A paragraph? I’m kidding. But let me tell you: I love to read. I’ve always been a reader.”

  “Oh? What have you been reading lately?” I asked. I don’t know what I was expecting him to say.

  “Euripides.”

  What language was he speaking? “I’m sorry?”

  “I probably have the pronunciation wrong. Euripides?” It was the correct pronunciation. “Ancient Greek playwright. Heavy stuff. You read him?” I said it had been a while. “Heavy stuff. Really makes you think about things. The big questions, you know. What are we here for? What do we do?”

  “And?” Sadie asked.

  “Hell if I know. You’ll be the first to know if I find out, I promise you that. I’ve always loved those little Loeb Classical editions. You know what I’m talking about? With the green covers? You ever read those things? I have a pretty good collection. Handsome books. My wife got me into them. English major. Hey, I got a thought.” He looked at Sadie. “Is this gentleman a decent house-sitter?”

  “The best.”

  “Doesn’t steal? Doesn’t throw too many parties?”
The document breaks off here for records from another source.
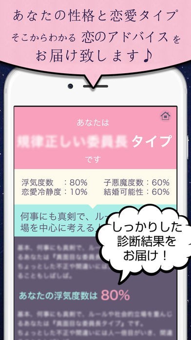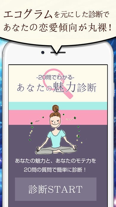 App Storeより引用噂のエコグラム診断を取り入れた簡単な恋愛診断で、あなたの恋愛的魅力を導き出します!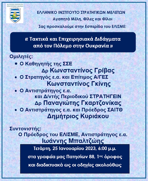 Το ΕΛΙΣΜΕ πραγματοποιεί εκδήλωση, με ζωντανή παρουσία, την Τετάρτη 25 Ιανουαρίου, στις 18.00 με θέμα “Τακτικά και επιχειρησιακά διδάγματα από τον πόλεμο στην Ουκρανία”.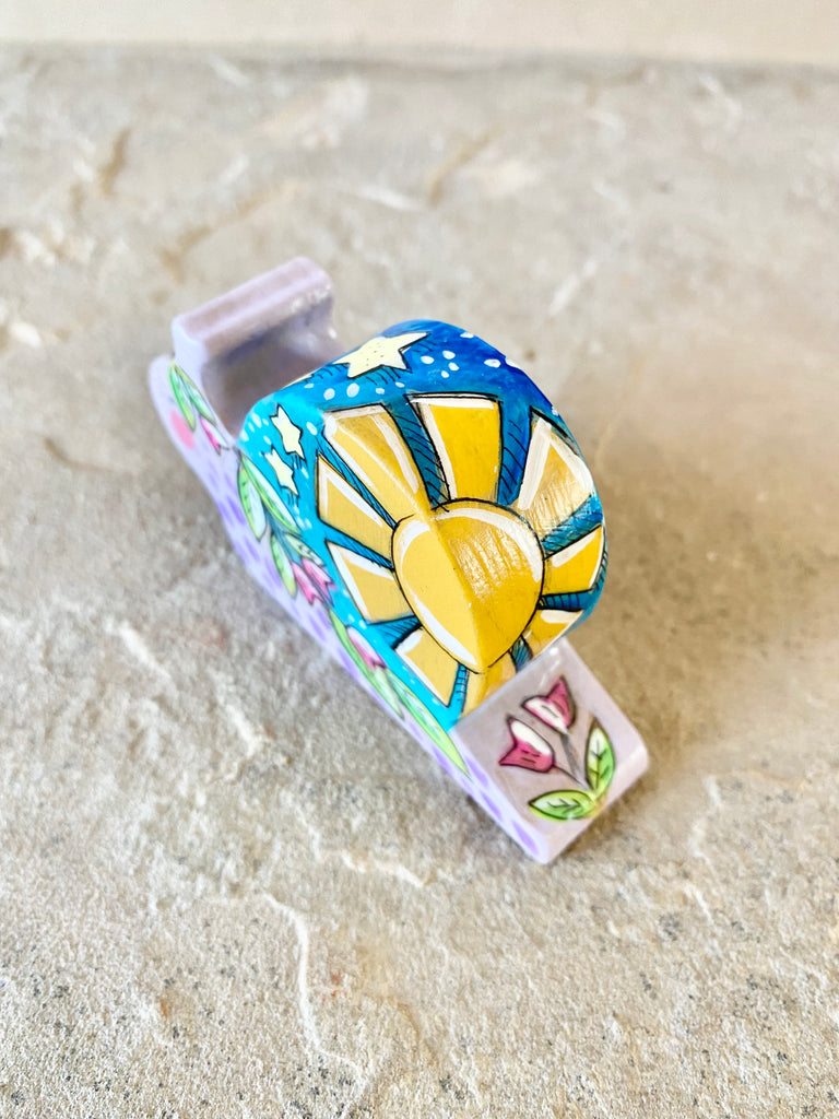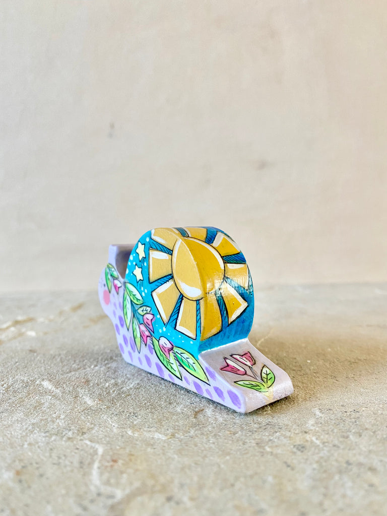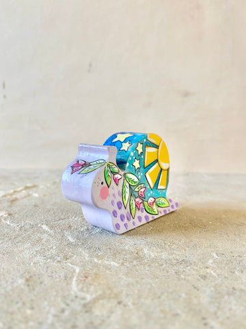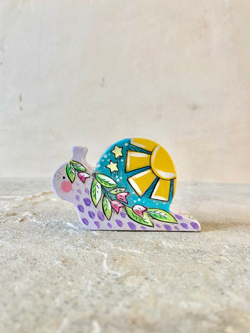2”h x 3”w Snail with Sunshine, Moon, Stars, and Florals

  “I haven’t heard a single complaint from the neighbors.”

  Dave turned back to me. “How’d you like to watch my new house for a spell? We want to make a few improvements before we move in and it sure would help to have someone there. Be a great place to write your next book. If Sadie doesn’t mind my stealing you, of course.”
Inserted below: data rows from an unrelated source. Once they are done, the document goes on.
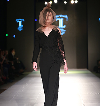 В то время как дизайнер из Грузии Tiko Nebieridze представила коллекцию в розово-чёрном цвете с использованием принта «гусиная лапка». Финальным образом коллекции стало шикарное чёрное платье в пол.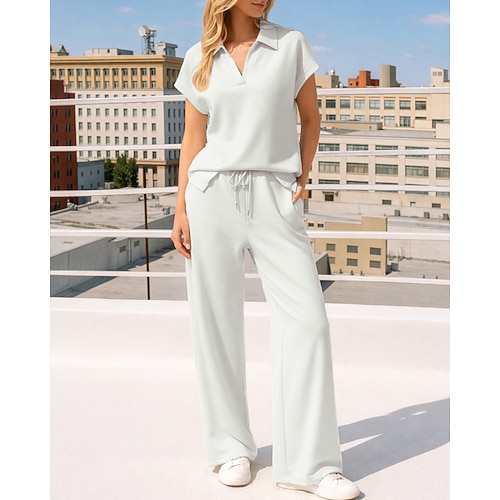 Per donna Set di tute e pullover Tuta da 2 pezzi Abiti da salotto Coulisse con tasca Tinta unita Set di Abbigliamento Sportivo Estate Primavera Caffè leggero Nero Allenamento in Palestra Jogging Corsa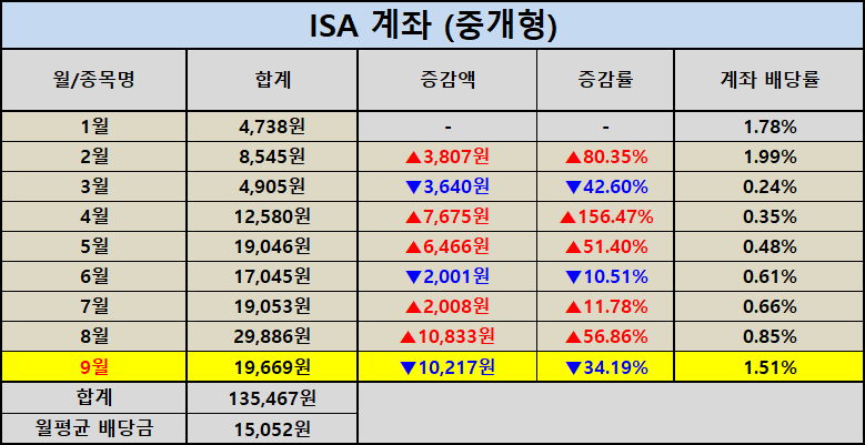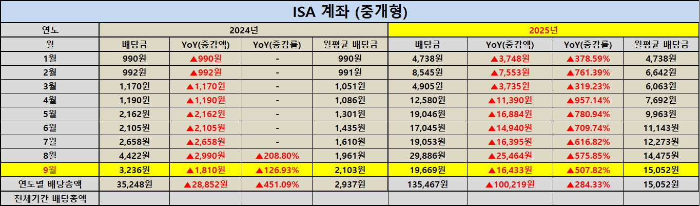 ISA 절세 계좌는 9월 19,669원을 수령했습니다. 전월 대비 34.19% 감소했으나 전년 동기 대비 16,433원이 늘어나 507.82%라는 높은 증가율을 보였습니다. 연초 이후 누적 135,467원, 월평균 15,052원으로 절세계좌의 복리 발판이 안정적으로 쌓이고 있습니다.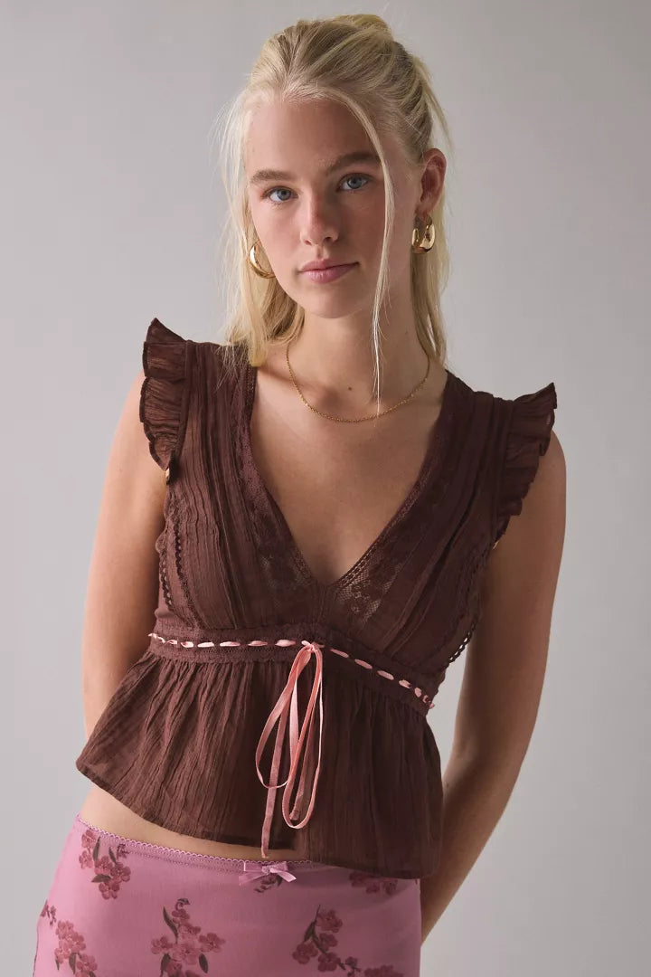 Kimchi Blue Ava Flutter Sleeve Tie-Front Babydoll Top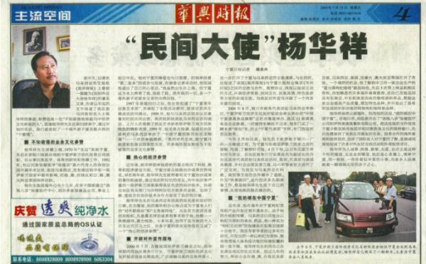 左图:2004年,汤瓶八诊名誉主席何起沄和汤瓶八诊传承人杨华祥共同主持银川汤瓶八诊传承体验馆开业。

  The brief look that Sadie and I exchanged contained a conversation: “Do you want to?” “I’m not sure.” “You can if you want.” “I need someone to tell me what I want.” “No, you need to figure it out on your own.” “How?” “Search within yourself.” “But…”

  “Yeah,” said Sadie, “it’s fine with me.”

  “Fantastic! My wife’ll be so pleased. I’m texting her right now. Her sister was looking after the place but she got scared, couldn’t handle it. Gets a little lonely but you’ll be fine. I’ll make sure the Jeep arrives before you do. You’re going to love driving that Jeep. 2012. Kevlar. Super tricked out. What’s the soonest you can get out there? So I can tell my wife. The glass people are coming up on Friday.”